How Food Loss Can be Prevented by Using Blockchain?


How Food Loss Can be Prevented by Using Blockchain?

According to KPMG’s World Food Program, nearly one in nine on the planet go to bed on an empty stomach. Also, the United Nation’s Food and Agriculture Organization reports that over 14 percent of the world’s food is lost before reaching the retail level (i.e. on-farm activities, storage, and transportation). The world is balancing between having a billion people who are hungry and mountains of food that getting ruined or discarded. But, the technology has identified the scenario and blockchain acts as the bridge connecting them.

It is said that Earth produces more than enough food to feed all the people in the world. Food loss is recorded mostly due to inefficiency. In the modern industrialized world, the supply chain of the food from harvest to market has a complicated journey. Unfortunately, according to FAO, over 95 percent of agricultural research has been focused on bringing-in productivity and just five percent concentrates on reducing the losses. Optimizing the food supply chain can decide the future of a sustainable food ecosystem. However, the tech giants and world food suppliers are ignoring the fact that system inefficiencies are leading to food loss.

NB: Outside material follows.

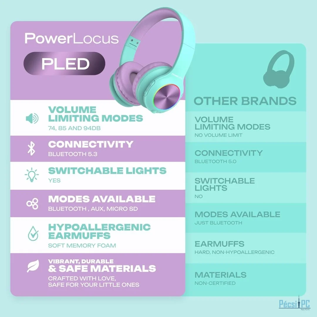 PowerLocus PLED Kids Bluetooth Headset Teal/Purple

How Blockchain Helps Reduce Food Loss

With proper supply-demand algorithms based on consumer behaviors and agricultural science, the much-improved sensor technology can predict the harvest details and others. The information such as when it is harvested, under what conditions, how it was stored on the farm, transit time, what freshness products are used, and others can be recorded and assessed with the help of blockchain. Popular companies like Walmart use this technique to eliminate the inefficiencies in the supply chain and well other companies leverage the technology not only in just production but also the business processes that occur in the supply chain.

It is recommended that precision agriculture must be executed from the production levels to even to the consumer’s plate. Technology must not only be used to reduce yield but also to the rest of the food value chain to bring transparency and accountability to the essential food industry, which can put an end to world hunger.